#### Data excerpt ####

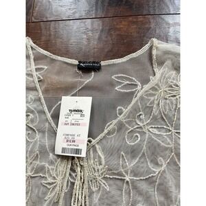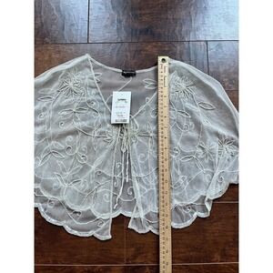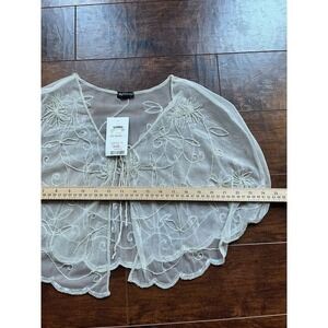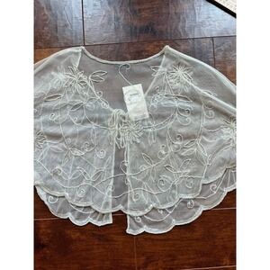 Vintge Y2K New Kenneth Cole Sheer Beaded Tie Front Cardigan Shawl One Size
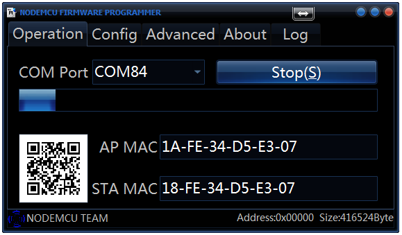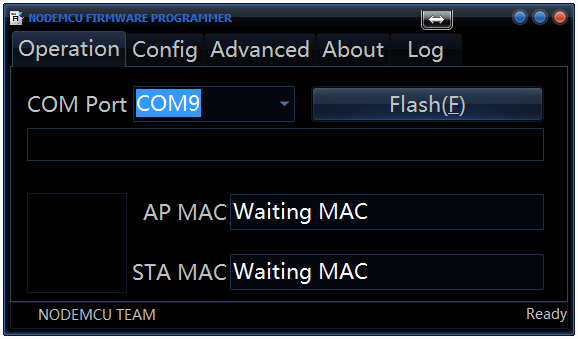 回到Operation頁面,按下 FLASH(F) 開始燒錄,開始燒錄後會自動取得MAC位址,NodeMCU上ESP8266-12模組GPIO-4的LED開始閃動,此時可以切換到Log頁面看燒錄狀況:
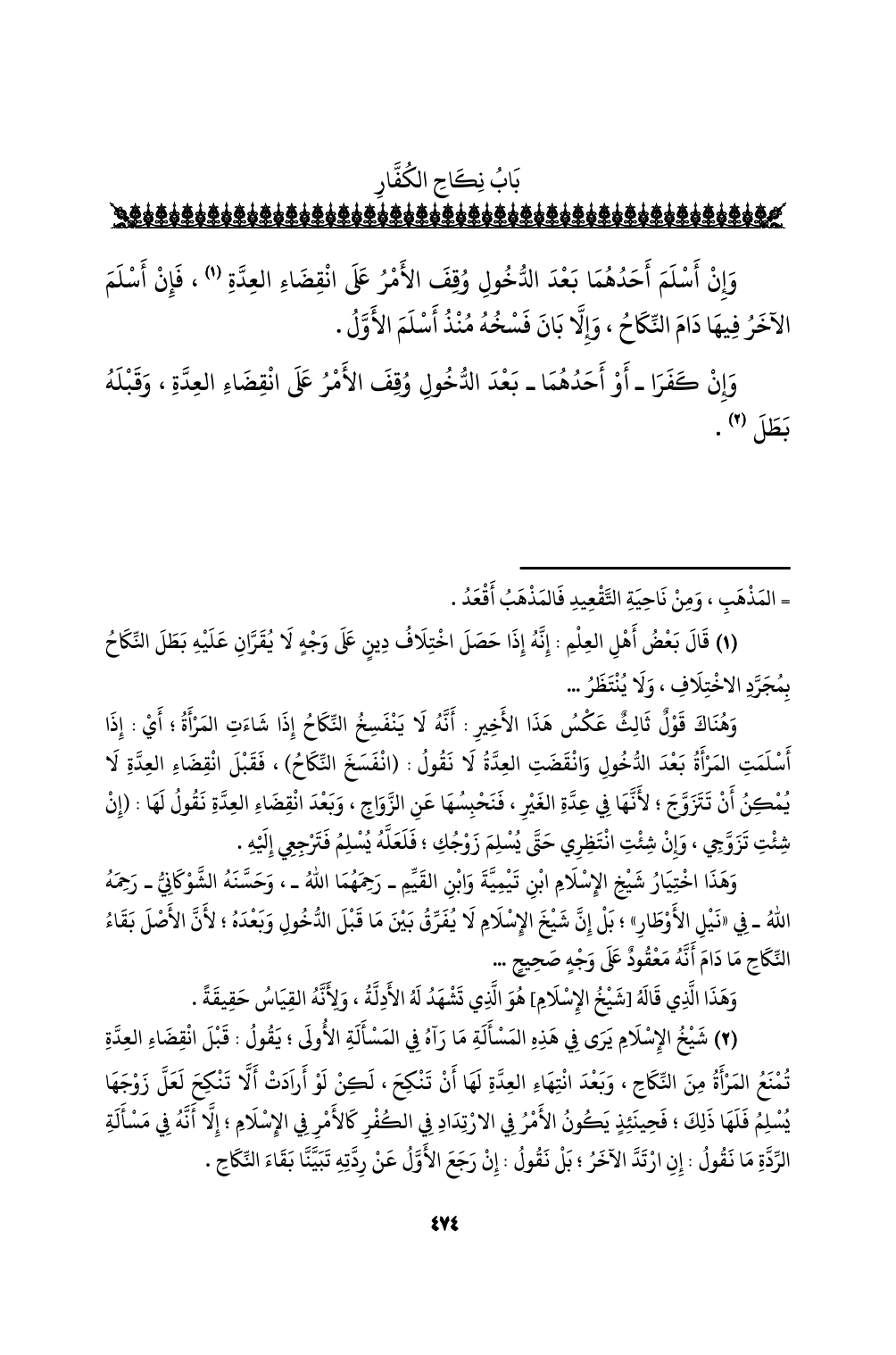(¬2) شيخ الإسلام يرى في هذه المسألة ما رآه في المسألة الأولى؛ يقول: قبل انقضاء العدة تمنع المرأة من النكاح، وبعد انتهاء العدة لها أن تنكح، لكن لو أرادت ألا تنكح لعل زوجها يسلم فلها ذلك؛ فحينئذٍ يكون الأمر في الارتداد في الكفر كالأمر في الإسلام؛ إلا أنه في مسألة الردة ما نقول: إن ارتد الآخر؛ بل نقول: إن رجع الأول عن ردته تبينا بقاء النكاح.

####

--- Problem ---
For this exercise, return the material word for word and drop each image.

--- Task result ---
 Vintge Y2K New Kenneth Cole Sheer Beaded Tie Front Cardigan Shawl One Size
 回到Operation頁面,按下 FLASH(F) 開始燒錄,開始燒錄後會自動取得MAC位址,NodeMCU上ESP8266-12模組GPIO-4的LED開始閃動,此時可以切換到Log頁面看燒錄狀況:
(¬2) شيخ الإسلام يرى في هذه المسألة ما رآه في المسألة الأولى؛ يقول: قبل انقضاء العدة تمنع المرأة من النكاح، وبعد انتهاء العدة لها أن تنكح، لكن لو أرادت ألا تنكح لعل زوجها يسلم فلها ذلك؛ فحينئذٍ يكون الأمر في الارتداد في الكفر كالأمر في الإسلام؛ إلا أنه في مسألة الردة ما نقول: إن ارتد الآخر؛ بل نقول: إن رجع الأول عن ردته تبينا بقاء النكاح.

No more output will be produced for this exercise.